**WORK TO COMPLETE**:
When the listing below reaches the line that has "Petugas mengoperasikan alat", start reproducing exactly; stop after the line that has "为帮助外国留学生更好了解中国", and drop the pictures.
━━ PROVIDED INFORMATION
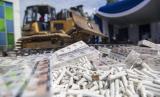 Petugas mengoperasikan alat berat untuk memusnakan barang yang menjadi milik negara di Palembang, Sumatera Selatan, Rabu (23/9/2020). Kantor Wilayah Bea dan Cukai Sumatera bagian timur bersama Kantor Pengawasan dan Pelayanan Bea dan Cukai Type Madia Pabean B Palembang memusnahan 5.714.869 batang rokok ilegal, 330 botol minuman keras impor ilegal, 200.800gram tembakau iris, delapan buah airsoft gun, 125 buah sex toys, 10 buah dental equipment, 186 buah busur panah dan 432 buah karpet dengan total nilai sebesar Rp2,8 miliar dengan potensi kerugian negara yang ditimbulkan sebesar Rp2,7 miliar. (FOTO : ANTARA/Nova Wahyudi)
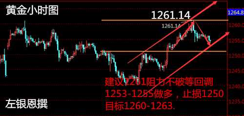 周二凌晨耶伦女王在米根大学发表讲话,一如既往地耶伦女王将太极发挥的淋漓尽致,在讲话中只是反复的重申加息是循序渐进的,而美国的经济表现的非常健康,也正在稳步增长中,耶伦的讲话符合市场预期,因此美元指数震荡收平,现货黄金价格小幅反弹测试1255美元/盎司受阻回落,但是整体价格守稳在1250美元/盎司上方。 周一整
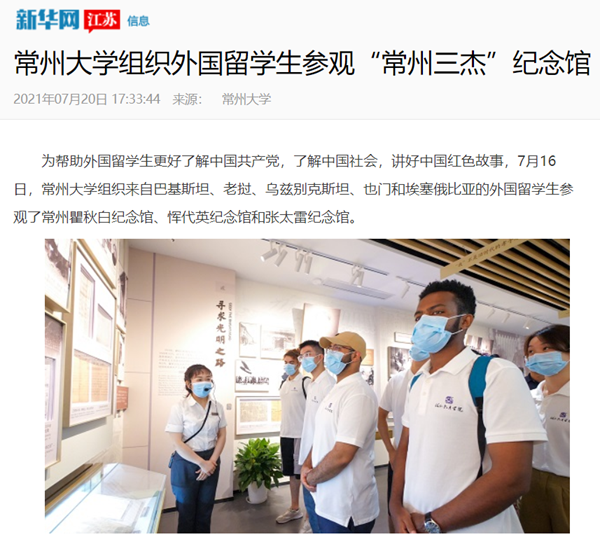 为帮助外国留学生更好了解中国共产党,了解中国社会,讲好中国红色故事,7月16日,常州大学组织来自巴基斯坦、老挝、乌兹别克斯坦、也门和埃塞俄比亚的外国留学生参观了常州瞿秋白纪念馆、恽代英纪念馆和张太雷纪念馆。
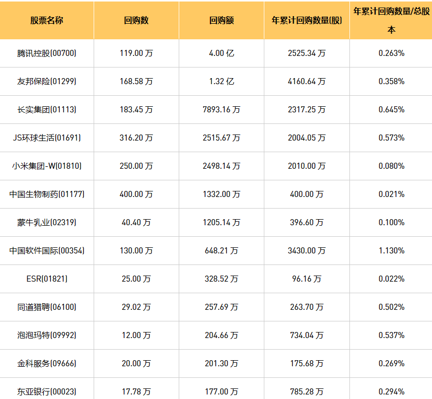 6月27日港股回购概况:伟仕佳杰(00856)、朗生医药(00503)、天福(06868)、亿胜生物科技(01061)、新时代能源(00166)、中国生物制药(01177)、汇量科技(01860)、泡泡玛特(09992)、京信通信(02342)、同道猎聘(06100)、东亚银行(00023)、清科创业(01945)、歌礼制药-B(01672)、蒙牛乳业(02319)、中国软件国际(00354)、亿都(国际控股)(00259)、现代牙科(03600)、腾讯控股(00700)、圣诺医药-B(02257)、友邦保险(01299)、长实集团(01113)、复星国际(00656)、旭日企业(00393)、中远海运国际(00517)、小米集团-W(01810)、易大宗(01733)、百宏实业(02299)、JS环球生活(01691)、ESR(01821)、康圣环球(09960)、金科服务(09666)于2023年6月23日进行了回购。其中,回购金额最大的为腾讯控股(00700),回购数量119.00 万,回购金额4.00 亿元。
━━━━
━━ PROVIDED INFORMATION
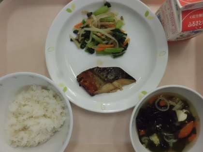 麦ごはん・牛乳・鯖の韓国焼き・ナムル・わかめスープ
━━━━
━━ PROVIDED INFORMATION
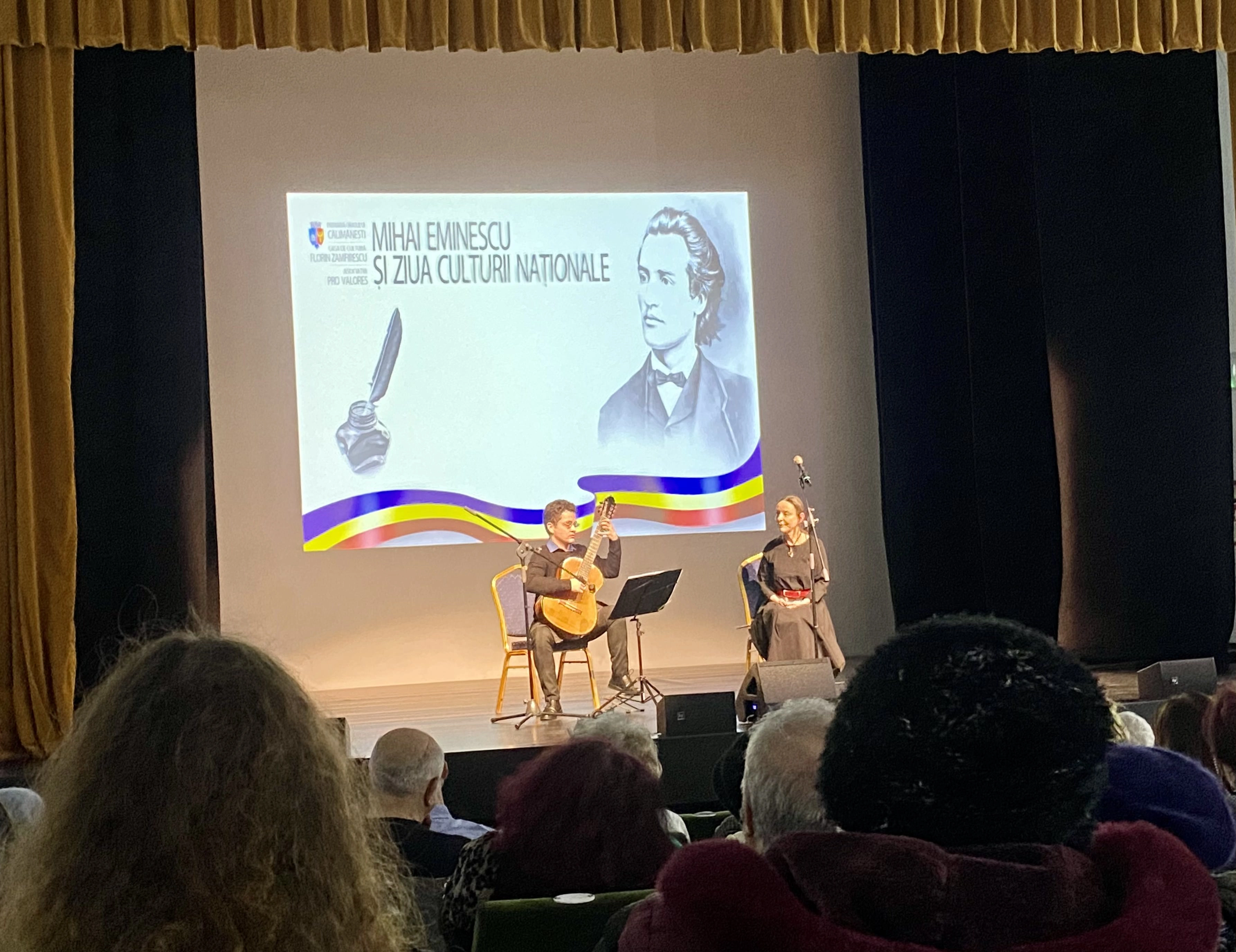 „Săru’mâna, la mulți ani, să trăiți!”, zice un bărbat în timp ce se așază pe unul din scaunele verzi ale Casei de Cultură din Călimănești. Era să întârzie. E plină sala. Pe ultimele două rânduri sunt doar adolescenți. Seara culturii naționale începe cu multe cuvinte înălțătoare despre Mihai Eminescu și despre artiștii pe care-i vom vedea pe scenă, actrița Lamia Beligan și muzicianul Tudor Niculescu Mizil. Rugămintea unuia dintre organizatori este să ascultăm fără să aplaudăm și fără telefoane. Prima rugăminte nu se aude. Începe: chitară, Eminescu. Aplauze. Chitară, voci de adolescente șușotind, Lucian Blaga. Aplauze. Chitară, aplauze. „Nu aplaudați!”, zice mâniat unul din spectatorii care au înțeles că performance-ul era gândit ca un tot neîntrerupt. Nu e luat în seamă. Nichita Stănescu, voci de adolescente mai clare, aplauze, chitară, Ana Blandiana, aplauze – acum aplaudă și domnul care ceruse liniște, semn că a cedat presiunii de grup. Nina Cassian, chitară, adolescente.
━━━━
**RESULT FOR THIS TASK**:
 Petugas mengoperasikan alat berat untuk memusnakan barang yang menjadi milik negara di Palembang, Sumatera Selatan, Rabu (23/9/2020). Kantor Wilayah Bea dan Cukai Sumatera bagian timur bersama Kantor Pengawasan dan Pelayanan Bea dan Cukai Type Madia Pabean B Palembang memusnahan 5.714.869 batang rokok ilegal, 330 botol minuman keras impor ilegal, 200.800gram tembakau iris, delapan buah airsoft gun, 125 buah sex toys, 10 buah dental equipment, 186 buah busur panah dan 432 buah karpet dengan total nilai sebesar Rp2,8 miliar dengan potensi kerugian negara yang ditimbulkan sebesar Rp2,7 miliar. (FOTO : ANTARA/Nova Wahyudi)
 周二凌晨耶伦女王在米根大学发表讲话,一如既往地耶伦女王将太极发挥的淋漓尽致,在讲话中只是反复的重申加息是循序渐进的,而美国的经济表现的非常健康,也正在稳步增长中,耶伦的讲话符合市场预期,因此美元指数震荡收平,现货黄金价格小幅反弹测试1255美元/盎司受阻回落,但是整体价格守稳在1250美元/盎司上方。 周一整
 为帮助外国留学生更好了解中国共产党,了解中国社会,讲好中国红色故事,7月16日,常州大学组织来自巴基斯坦、老挝、乌兹别克斯坦、也门和埃塞俄比亚的外国留学生参观了常州瞿秋白纪念馆、恽代英纪念馆和张太雷纪念馆。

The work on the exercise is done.